The International Freedom Battalion and its different parts has an independent political expression. In its declarations, it has openly denounced imperialism  and one of its brigades has questioned US military support . Other forces within the Battalion such as the TKP/ML  have also warned of the dangers of this alliance.
When the OCML VP joined the campaign in January 2016 it was because we believed that it contained a clearly anti-imperialist and revolutionary position vis à vis the situation in the region, whilst at the same time supporting the revolutionary forces active in the conflict. Since then, we have organised and taken part in several events , collected thousands of euros, helped spread the views of the International Battalion in French , etc.
It provides a concrete way of engaging discussion on the situation in the Middle East with the people around us, demonstrating that progressive and revolutionary forces exist and convincing that even if it is all happening thousands of miles away, we are not powerless : it is a way of fighting despondency and resignation. This campaign has proved a success and has allowed us to collect thousands of euros in Europe, sending hundreds of haemostatic dressings and spreading information about the International Battalion.

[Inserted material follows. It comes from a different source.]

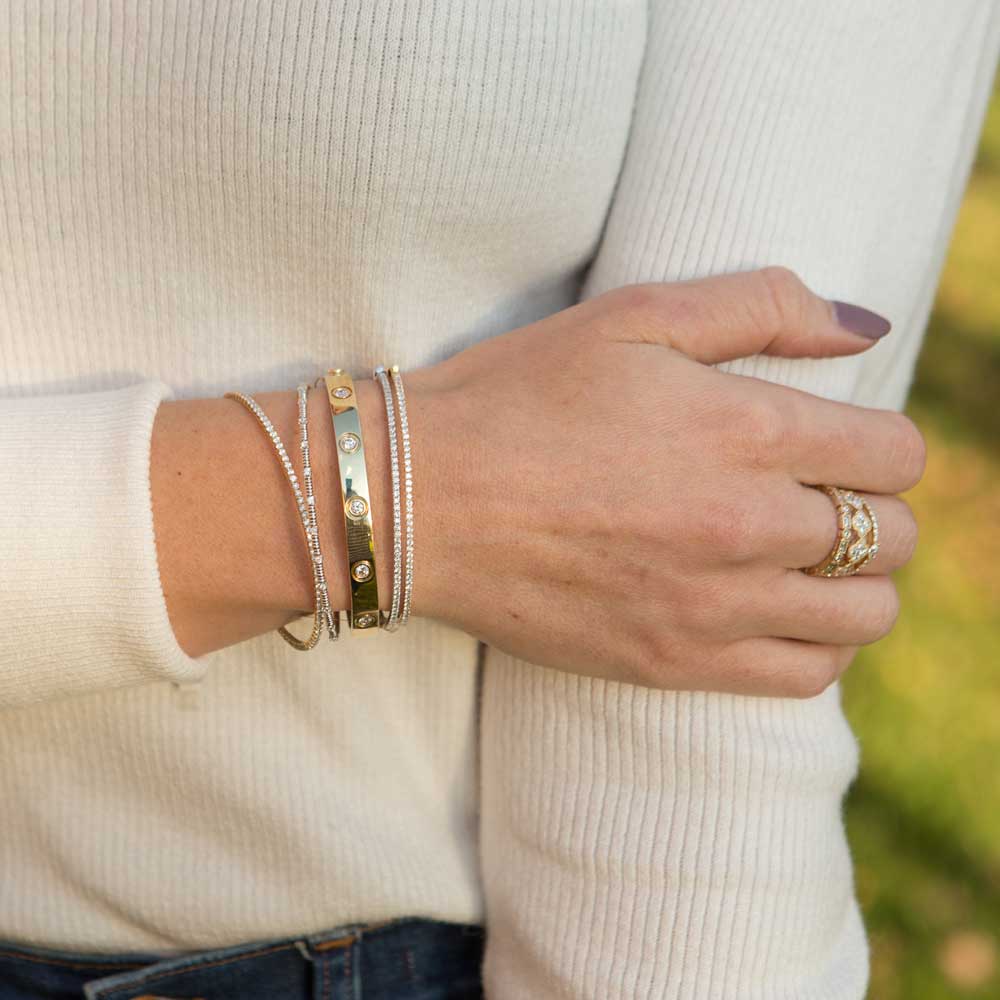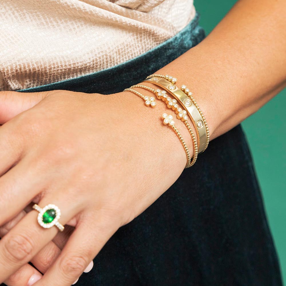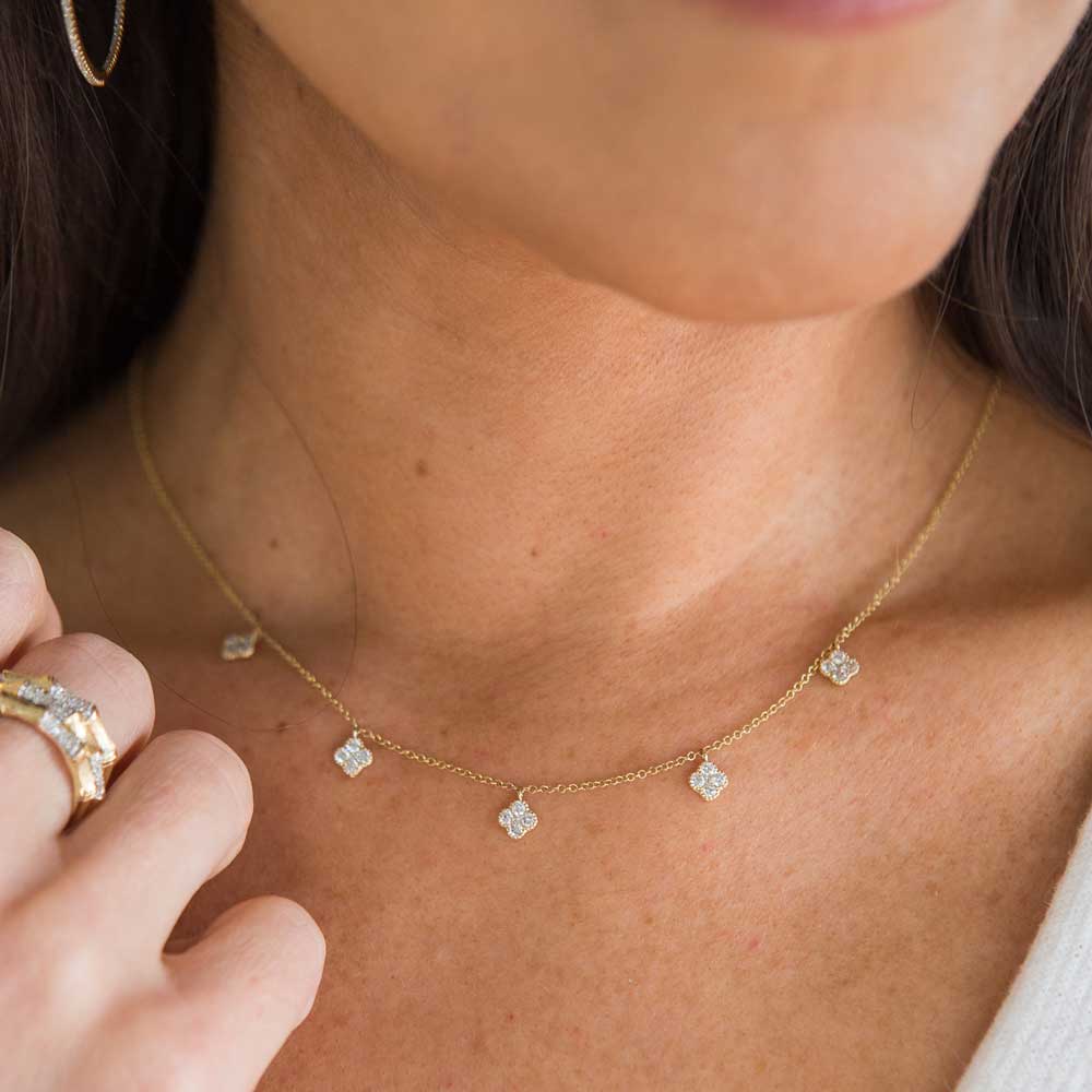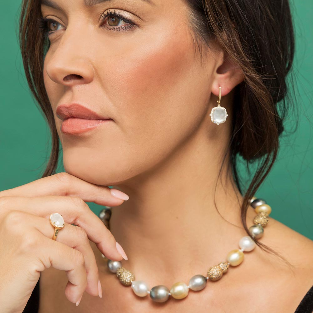 18K Yellow Gold Diamond Ring and Earrings, both with Clear Quartz Over White Mother of Pearl. Paired with an 18 inch strand of 23 South Sea and Tahitian baroque pearls individually knotted on a silk cord with pink gold and champagne diamond stations.

If we are to level legitimate criticisms and uphold our own point of view, it is not enough to sit on the side-lines. We must be engaged in the struggle, as we strive to do.
Is a pact with "the devil" possible ?
A basic contradiction exists, therefore, between opposing imperialist interventions on the one hand and recognising the need for an alliance at certain times on the other. What determines the key factor to be taken into account can only ever be the situation on the ground, the balance of power between the different parties involved and whether the progressive forces can rely on their own means without having to resort to such an alliance.
Any military alliance with imperialism involves a huge risk. Because the aims of imperialism are diametrically opposed to those of the emancipation of the peoples and hopes that its alliance with Rojava will allow it to gain a permanent foothold in Syria. Because imperialism is responsible for the overall situation in the Middle East. From the historical perspective, the contradiction with imperialism remains the main contradiction for the peoples of the region and the current alliance can only be tactical and temporary.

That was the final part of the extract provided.